EXERCISE DETAILS: Omit pictures and quote the listing below line by line, from its start through the line that holds "satin, crystals, plain".

DATA FOR ANALYSIS section start

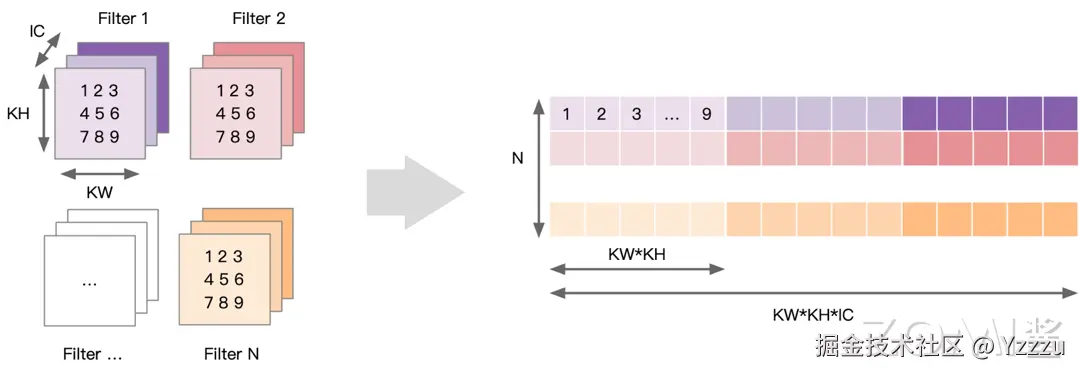 对权重数据进行重排,即以卷积核大小为步长展开后续卷积窗并存在矩阵下一列。将 N 个卷积核展开为权重矩阵的一行,因此共有 N 行,每个向量上先排列第一个输入通道上 KH*KW 数据,再依次排列之后的通道直到 IC。
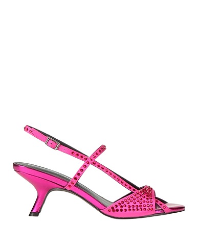 satin, crystals, plain colour with appliqués, leather lining, buckle fastening, round toeline, geometric heel, covered heel, rubber sole, contains non-textile parts of animal origin, ankle strap sandals
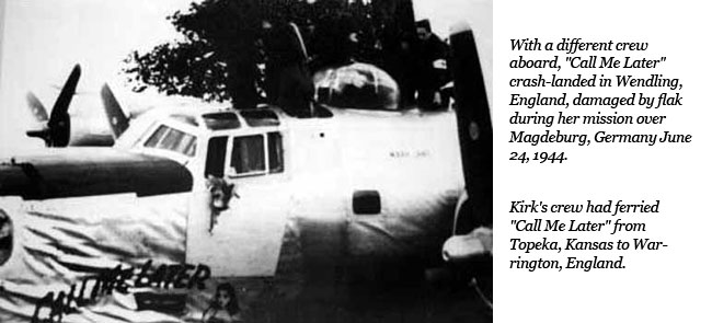 Joe Markus was lost on his first mission. In June of 1944, we were sent to the 93rd Bomb Group for lead crew training; also radar bombing training. We refused this and, at this point, Lt. Smith was taken from us and made a lead crew navigator. Sgt. O. T. Sivley was grounded on about the 7th or 8th mission because of ear problems. After flying 10 missions, all crew members were promoted up one rank: officers to 1st Lt., Kirk and Pop to T/Sgt., and the rest to S/Sgt. Sgt. Sivley was replaced by Sgt. C. A. Johnson. Sgt. Frosty McLaughlin replaced Sgt. Joe Markus. Lt. Sardonia was made bombigator to replace Lt. Smith. Lt. A. J. Jaborski replaced Lt. Smith for a while until Lt. Sardonia took over. Only 7 of the original crew completed the 31 missions together. The ones marked with an X are the ones who did finish.
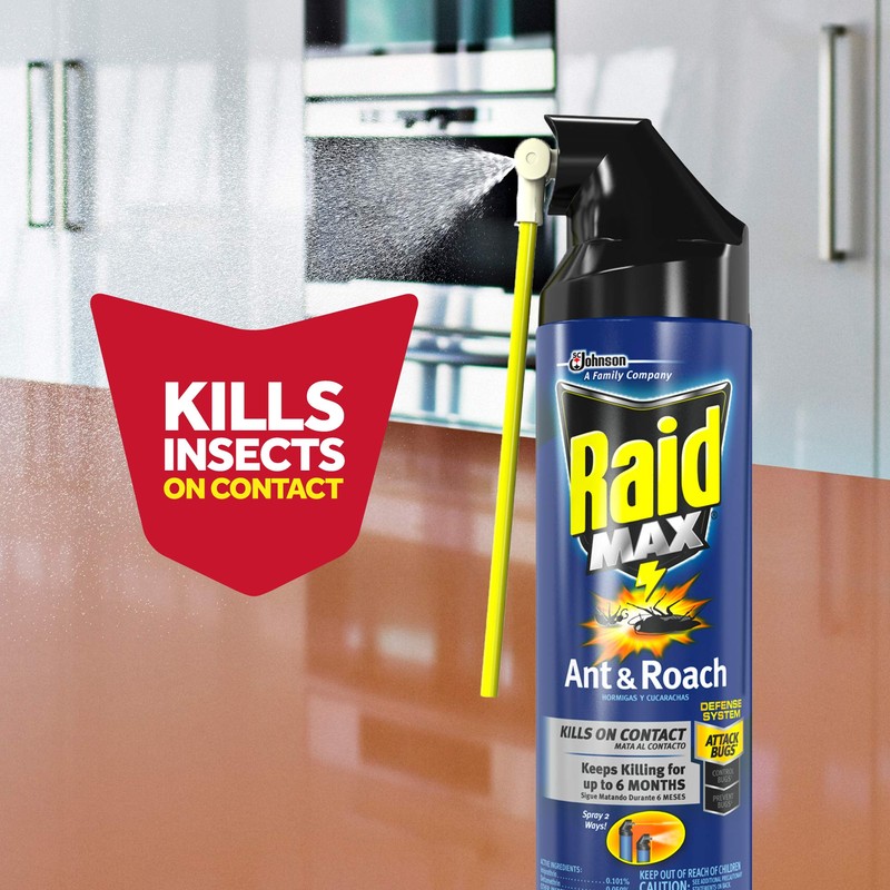 - Raid Max Ant and Roach Spray kills bugs on contact and keeps killing with residual action for up to 6 months
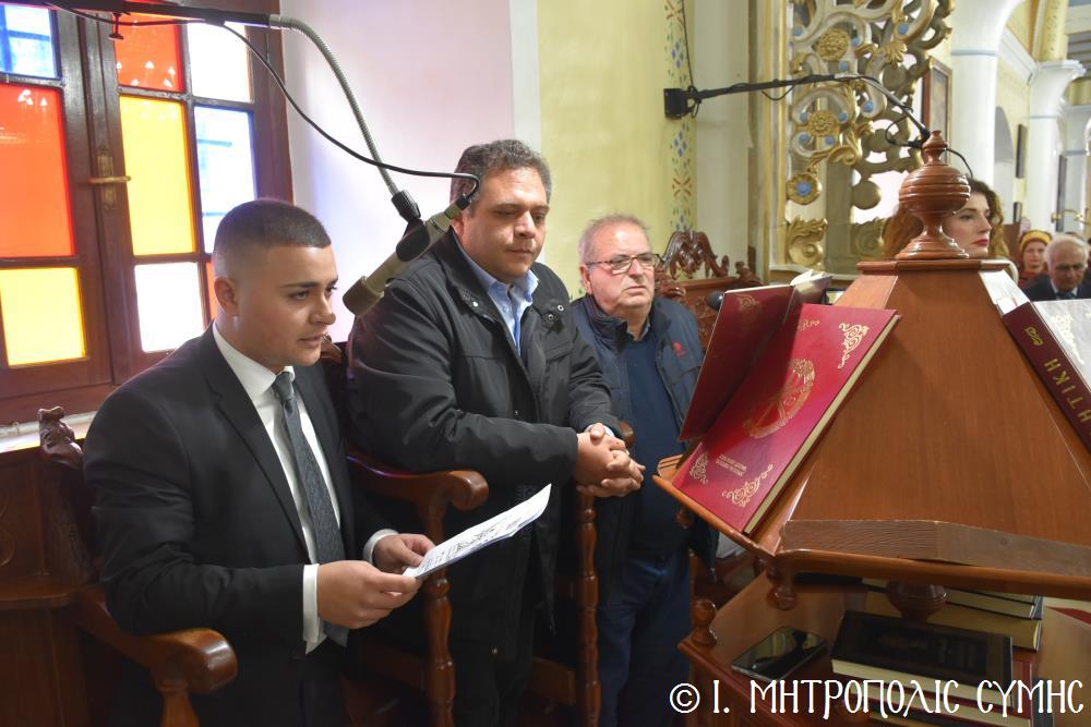 Τό ἑσπέρας τῆς Κυριακῆς περί ὥρα 18:30, ἐτελέσθη ὁ Μέγας Πανηγυρικός Ἑσπερινός ὑπό τοῦ Πανοσιολ. Καθηγουμένου τῆς Ἱ. Μονῆς Πανορμίτου Ἀρχιμ. Ἀντωνίου Πατροῦ, τοῦ Γεν. Ἀρχιερατικοῦ Ἐπιτρόπου Πρωτοπρ. Στεφ. Μακρῆ, τοῦ Αἰδεσ. Ἐφημερίου τῆς Ἐνορίας Πρεσβ. Ἀντωνίου Μανιᾶ, τῶν λοιπῶν Ἐφημερίων τῆς Νήσου καί τοῦ Ἱεροδιακόνου μας π. Παύλου Τερεζάκη, ἀπόντος ἐφέτος τοῦ Σεβασμιωτάτου εἰς τό Οἰκουμενικόν Πατριαρχεῖον διά τήν ἐκεῖ Πανήγυριν τῆς Κυριακῆς τῆς Ὀρθοδοξίας, ὑπό τήν ἰδιότητά του ὡς Συνοδικοῦ Παρέδρου. Τό δέ ἱ. ἀναλόγιον ἐκόσμησε χορός Ἱεροψαλτῶν ἀποτελούμενος ἀπό τόν Ἱεροψάλτη τοῦ Ἱ. Ναοῦ κ. Ἀγαπητό Μιχελλῆ καί τούς Ἱεροψάλτες κ. Ἰωάννη Τσίγκο καί κ. Ἐλευθέριο Ξηράκη.
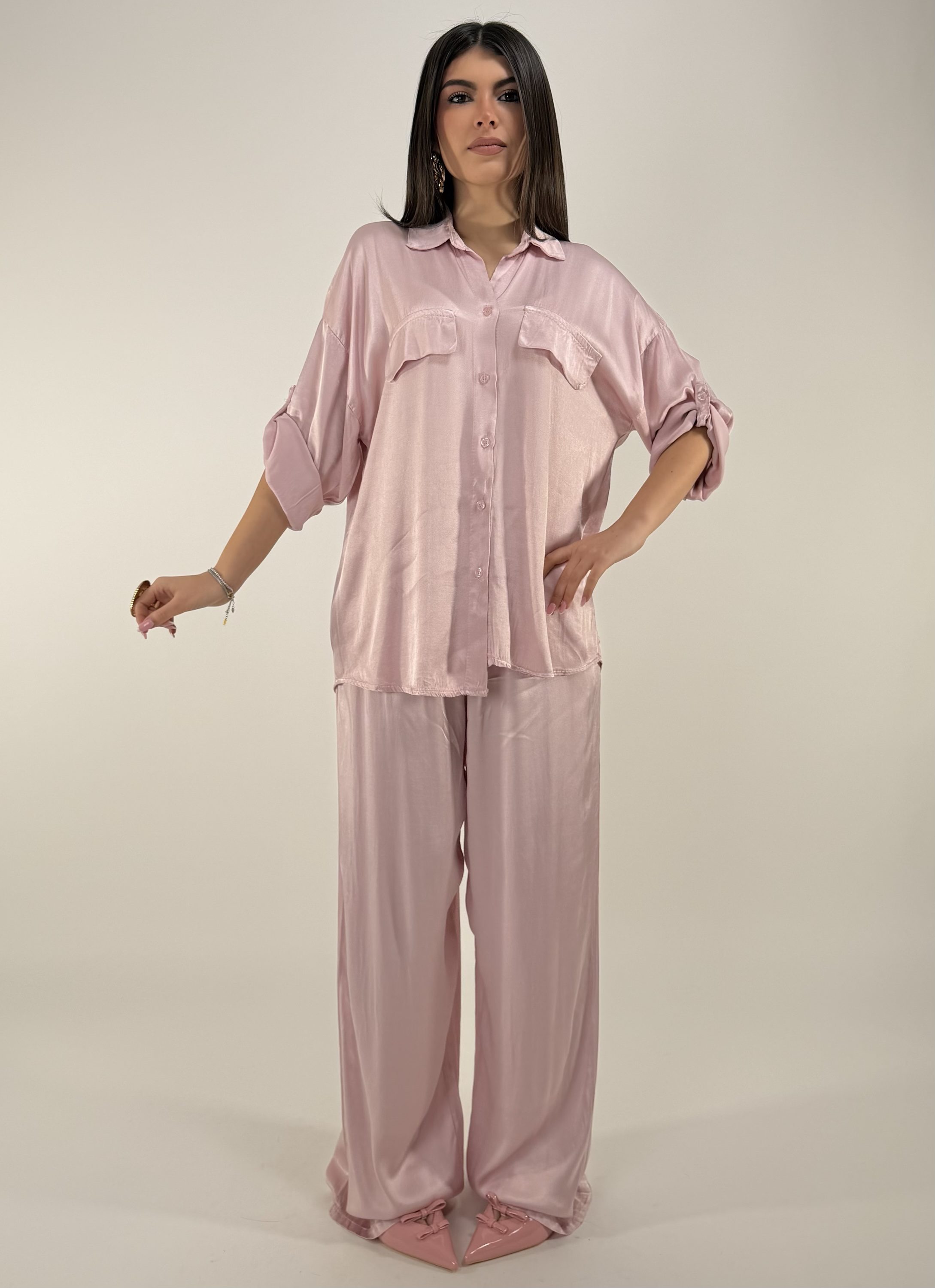 Consiglio da xs ad XL. Pantalone con elastico in vita, laccetto e tasche. Camicia con bottoni frontali e sulle maniche. La modella รจ una taglia S ed รจ alta 1.65cm

DATA FOR ANALYSIS section end

ANSWER FOR THE TASK:
 对权重数据进行重排,即以卷积核大小为步长展开后续卷积窗并存在矩阵下一列。将 N 个卷积核展开为权重矩阵的一行,因此共有 N 行,每个向量上先排列第一个输入通道上 KH*KW 数据,再依次排列之后的通道直到 IC。
 satin, crystals, plain colour with appliqués, leather lining, buckle fastening, round toeline, geometric heel, covered heel, rubber sole, contains non-textile parts of animal origin, ankle strap sandals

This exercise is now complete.